If you’ve got a thickness planer (aka a wood planer) in your home woodworking shop, then there are four things you need to do to keep it running well. If you want to maintain top-notch performance from your wood planer and solve problems that might come up with the machine, you’ve come to the right place.

Wood Planer Problem #1: Boards sticks while it’s being planed

This is a problem of lubrication, so to speak. The first thing you need to do – and it applies to all thickness planters on the market – is to regularly apply paste wax to the bed of your planer. The bed is that part of the machine that the wood slides on. If you don't keep the bed waxed, your lumber is going to stick in the machine and it won't feed through properly.

As for wax,  I use an old can of Johnson's Paste Wax. I bought it in the late '70s (yes it’s 40+ years old), and there's still plenty of wax in the can. I figure I’ll get five, maybe 10 more years out of it. Any kind of floor paste wax will do the job. Unplug the planer, raise the cutterhead to expose as much of the bed as possible, remove any sawdust from the bed, then rub a little wax on it.
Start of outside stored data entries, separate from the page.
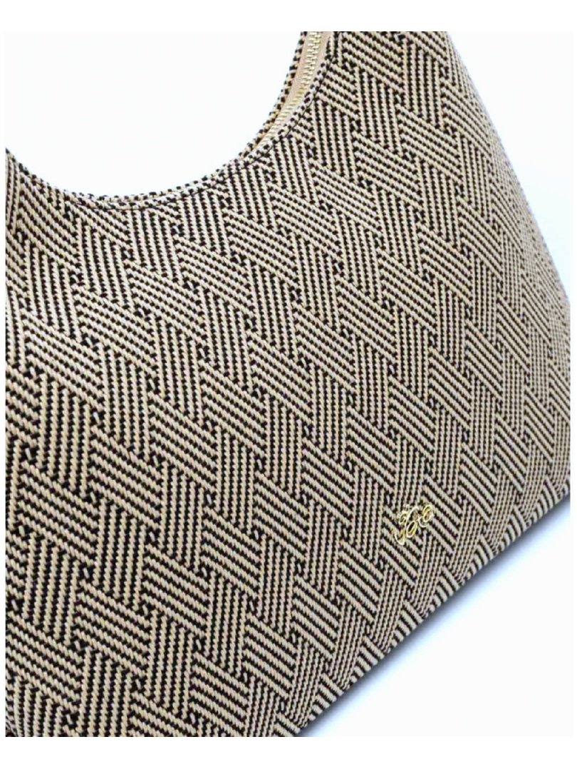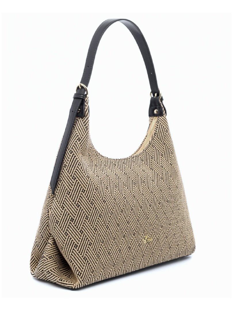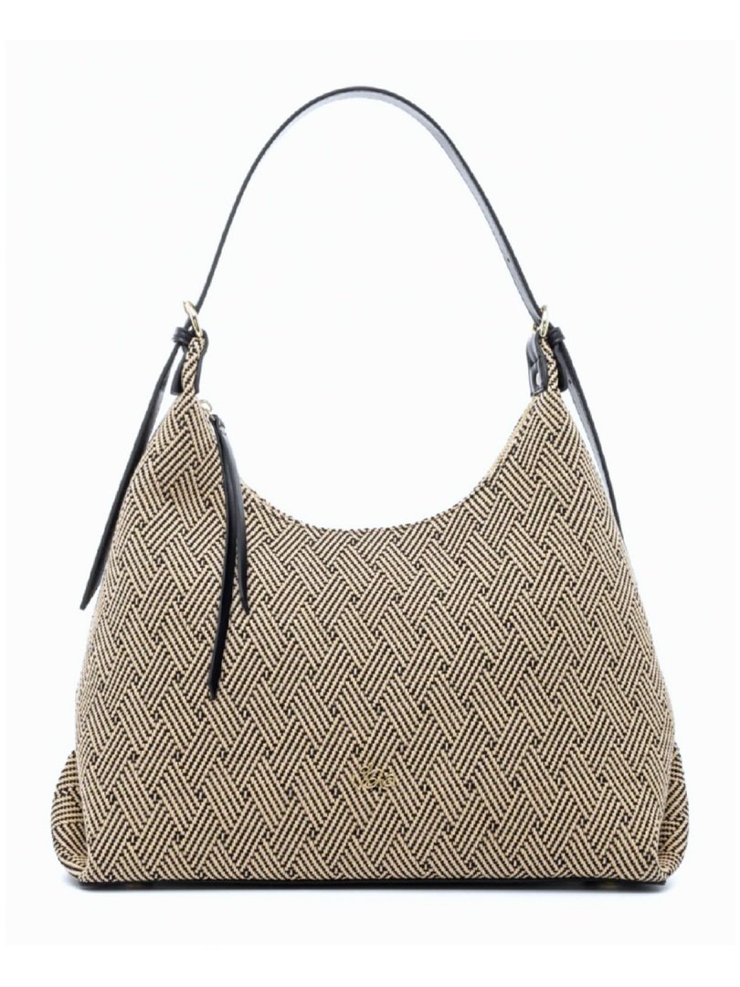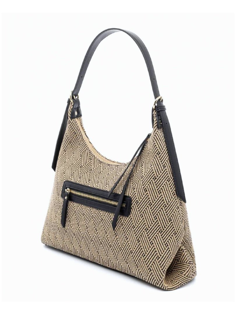 Τσάντα ώμου με μπεζ ψάθα και μαύρες λεπτομέρειες.
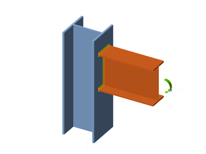 An open section beam IPE 400 is welded to a column HEB 300 in the example. Beam flanges are connected to the column flange with welds with the throat thickness of 9 mm. The beam web is connected with welds with the throat thickness of 5 mm. Plastic stress distribution is considered in welds. The material of the beam and column is S235. The design resistance is limited by the components column panel in shear and column panel in transverse compression . The calculated stiffness coefficients of the basic components, initial stiffness, stiffness by design resistance, and rotation of the beam are summarised in Tab. 10.1.1.
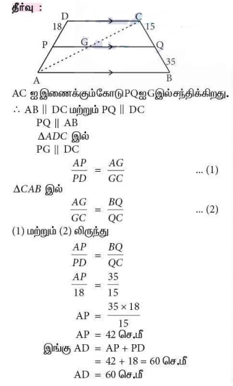 2. ABCD என்ற ஒரு சரிவகத்தில் AB || DC மற்றும் P, Q என்பன முறையே பக்கங்கள் AD மற்றும் BC-யின் மீது அமைந்துள்ள புள்ளிகள் ஆகும். மேலும் PQ || DC, PD = 18 செ.மீ, BQ = 35 செ.மீ மற்றும் QC = 15 செ.மீ எனில், A D காண்க.

Apply it with a circular motion. You don't have to be fancy, just as long as you get complete coverage. Let it dry for a few minutes and then lightly buff the wax off with a clean rag. It's amazing how long this wax treatment will keep lumber sliding smoothly while you plane it. Watch this video on exactly how to apply wax to your wood planer where it’ll make a difference.

chipped planer blade

Wood Planer Problem #2: Planed wood has raised ridges

The cause of this problem is a nick in the blades, most often caused by hitting a hard knot. You can’t always avoid this problem, but you can fix it rather easily. With the machine unplugged, remove the top of your planer to gain access to the cutter head.  If your blades are still fairly sharp and leaving smooth wood behind (except for that raised ridge), there’s an easy fix. By sliding individual blades side-to-side relative to each other you’ll get rid of the ridge. If the nick in one blade doesn’t align with the nick in other blades, no ridge will appear.